Какой-то озноб пробежал у меня по спине. Я машинально бросил книгу в общую кучу, но не успела она долететь до пола, как я уже пожалел о своем жесте. Спеша возвратить ее, я обрушил всю груду, и теперь, встав на четвереньки, лихорадочно искал. На краткий миг мне даже почудилось, что я эту фразу нафантазировал, что она мне пригрезилась, – так сильно было впечатление чего-то знакомого, своего, уже виденного, уже думаного. Да, в продолжение нескольких секунд я воображал себя автором одного из самых великих романов, когда-либо написанных человеком. Но вот же она, черным по белому:

«Стану ли я героем повествования о своей собственной жизни, или это место займет кто-нибудь другой…»

Я крутил и вертел книгу по-всякому: что-то непременно должно было отличать ее от других. Тем не менее там была такая же бумага, такая же обложка и книжный блок был так же зарезан сверху и снизу. Я лихорадочно листал страницы, выхватывая тут и там обрывки фраз, которые, казалось, не принадлежали роману, а составляли послание, единственным адресатом которого был я: «появление на свет, весьма равнодушный к его прибытию», «к окутанным туманом дням моего раннего детства», «какое-то губительное дуновение, связанное с могилой на кладбище и с появлением мертвеца, потрясло меня», «она привезла с собой два внушительных твердых черных сундука…» И даже некоторые из тех пассажей, которые, со всей очевидностью, не могли относиться ко мне: «Родился я после смерти отца», «о его белой надгробной плите на кладбище» – будили во мне какое-то очень знакомое эхо, в котором смешивались воспоминания, грезы и кошмары. Очень сильное впечатление производили на меня и названия глав; в их простоте, в их успокаивающей, но непреклонной хронологичности: «Я появляюсь на свет», «Я наблюдаю», «Я начинаю жить самостоятельно, и это мне не нравится» – мне виделся какой-то предназначенный для меня шифр, и мне казалось возможным, просто передвигая палец, перемещаться по течению моей жизни, преодолевая пороги, которых я к этому моменту уже достиг, и провидя то неизвестное, что ожидало меня впереди.

Не отрываясь от книги, я спустился с чердака и открыл дверь. Удар тапка не смог выбить книгу у меня из рук. Не раздумывая, я поднял его и запустил в дальнее раскрытое окно. Потом с вызывающим видом встал прямо перед Неподвижной и, не скрываясь, углубился в чтение.
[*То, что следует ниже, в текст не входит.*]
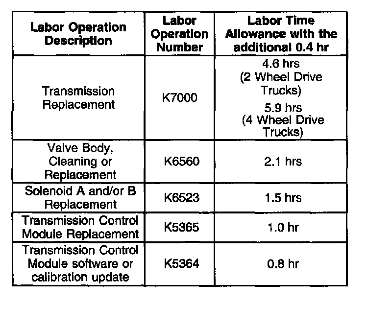 This labor operation table is submitted for your use when servicing these vehicles under warranty. Each of the labor codes listed below will have an additional 0.4 hr added to the previously published time in the next labor time revision.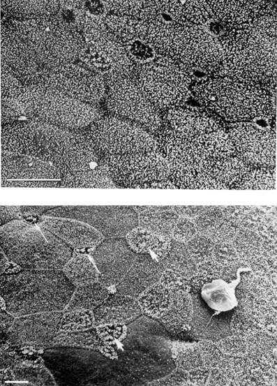 more than the temporal conjunctiva.14 The apical cells of the conjunctival epithelium are not flattened like those of the cornea. However, like the apical squamous cells of the cornea, the stratified squamous cells have a complicated arrangement of microvilli and microplicae on the apical-most membranes.15,16 The microvilli are 0.5 μm in diameter and 0.5 to 1 μm high. The microplicae are of a similar size, measuring 0.5 μm in width, 1 to 3 μm in length, and 0.5 μm in height. This system of outfoldings is present over the entire conjunctival surface, and is continued over the apical membrane of the goblet cells. In these cells the apical cell membrane disintegrates during secretion and is released into the tear film along with the secretory granule membranes and their components. After the secretory process is completed, the goblet cell resynthesizes mucin by packaging it into secretory granules that are separated from the tear film by the apical membrane. This complex system of micro-outfoldings of the surface cell membranes may aid in supporting, stabilizing, and anchoring the tear film against the effects of gravity and eyelid movement, thereby preventing irregular streams and flow patterns from developing that would interfere with clear vision. In addition, membrane-spanning mucins are inserted into the microplicae of the apical membrane to form the glycocalyx. Notable in the stratified squamous cells of the conjunctiva are numerous clear vesicles in the cytoplasm, which give the cells a lacy appearance. These vesicles contain mucin that is perhaps being transported to the apical membranes. The total surface area of an adult conjunctival sac in one eye, including the cornea, averages 16 cm2, or roughly 17 times more surface area than the cornea. Because of its large surface area, the conjunctiva may be a significant source of electrolytes and water in the tear film.17 The blood vessels and the epithelial cells of the conjunctiva may transport fluid across the conjunctiva. An increase in vascular permeability of the blood vessels may contribute fluid to tears by leaking plasma. This may occur in pathologic conditions, such as inflammation or topical application of drugs, that increase vascular permeability. Epithelial cells can also be a source of fluid for tears. Under normal conditions, the goblet cells and the stratified squamous cells are the primary sources of fluid transport in the conjunctiva. The conjunctiva can also absorb electrolytes and water.18,19 In addition, the conjunctiva absorbs drugs that are applied to the ocular surface.20 The conjunctiva is permeable to hydrophobic molecules up to 40 kDa21 and actively transports drugs using nucleoside, monocarboxylate, dipeptide, and sodium-dependent transporters.22–24 Conjunctival epithelial cells can also absorb compounds by endocytosis.25 For a comprehensive review of conjunctival fluid secretion, see Dartt.26 The conjunctival epithelium is a low-resistance, permeable epithelium, particularly in contrast to the high-resistance, impermeable corneal epithelium. The permeability of the conjunctival epithelium arises from the attachment of the stratified squamous and goblet epithelial cells to each other by tight junctions and desmosomes. Furthermore, the plasma membranes of adjoining cells do not totally interdigitate, and thus leave large intercellular spaces. These intercellular spaces provide antibodies, other plasma constituents, and inflammatory cells from the abundant underlying conjunctival capillaries ready access to the surface of the conjunctiva, where irritative and infectious processes arise. This pathway may operate in the reverse direction, such that infectious agents on the conjunctival surface may gain access to the circulatory system. Proteins applied topically to the conjunctiva percolate easily down to and into the lumen of the conjunctival capillaries, and appear shortly thereafter in the systemic circulation.27 Certain topically applied ophthalmic medications may accumulate intra- or extracellularly within the conjunctival epithelium, resulting in discoloration or an accumulation of deposits that may be mistaken for various disease processes. An example of this process is the accumulation of brownish black deposits that are often encountered clinically after topically applied epinephrine is used as an antiglaucomatous medication.28 |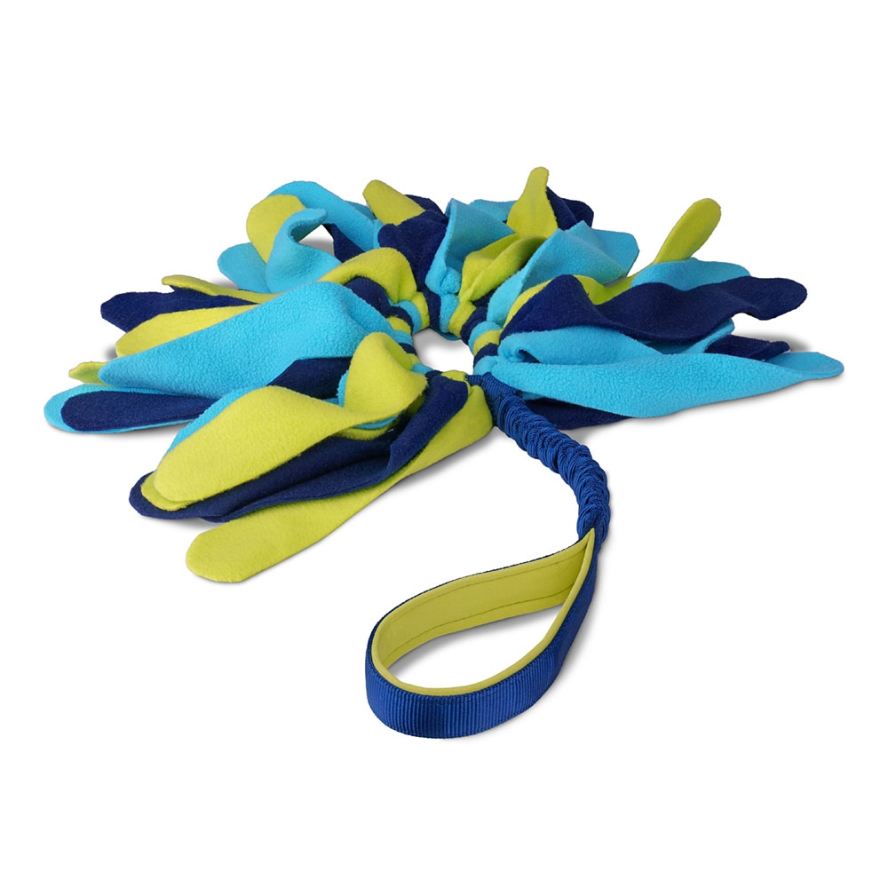 Perfekt för dragkamp, apport och lek, där hunden både kan ha roligt och stärka sina muskler. Den snygga multi/mönstrade färgen i mörkblå, ljusblå och ljusgrön gör leksaken både frestande för hunden och stilfull för ägaren.

По всем юридическим раскладам, мне предстояло проститься с моими солдатиками как минимум лет на семьдесят пять.

– Никто точно не знает, от чего он умер, – снова заговорила она после долгого молчания. – Поскольку мне уже ничего не было слышно, я попросила вдову Консьянс подняться посмотреть… Он лежал поперек двери… Пришлось вызывать пожарных…

Я взглянул поверх книги. Она внимательно смотрела на меня. Поза ее была необычна: она вытянула шею в мою сторону; как понять ее взгляд? На мгновение мне показалось, что она тихо смакует приближение минуты своей мести, но в этом взгляде было словно бы что-то другое, и осторожный, почти неуверенный тон ее голоса подтвердил мое впечатление:

– И вот теперь читаешь ты, – и ты тоже…

– Да, – ухарски ответил я.

И выпятил грудь, как те первые христиане, которые даже на арене цирка не соглашались отречься от своей веры.

– Гм-гм… Мой отец был столяр. Я не любила заходить в его мастерскую, потому что там везде были стружки… Но однажды он взял в руку щепотку и сказал мне: «Видишь это? Это – след… Когда действительно что-то делаешь, всегда останется какой-то след…» С книгами следа не останется.

Наш первый разговор. Это показалось мне достаточным основанием для того, чтобы отложить книгу и задуматься. Но я ни на миг не забывал, что положение вещей изменилось именно благодаря ей – книге. Книга сделала меня значительнее. Я стал сильнее.

– И когда ешь, следа не остается…

– А дерьмо? Дерьмо свое ты куда деваешь?

– Да, правда, – согласился я. – Но когда спишь, то уже ничего не остается.

Ее очередь задуматься. Она закрыла глаза и, помолчав, сказала:

– Нет. Остаются сны. Во сне ты какаешь снами… но в книгах – чужие сны… А от чужих – никакой пользы. От книг – никакой пользы.

Я собирался ответить, что, даже если это правда, даже если от этой книги нет никакой пользы, я решительно намерен погрязнуть в этой великолепной бесполезности навсегда и готов пожертвовать для нее не только моими оловянными солдатиками, но и куда большим и что в любом случае я тоже не люблю стружек.

Но отворилась дверь, и на пороге появилась моя мать с тапком в руке.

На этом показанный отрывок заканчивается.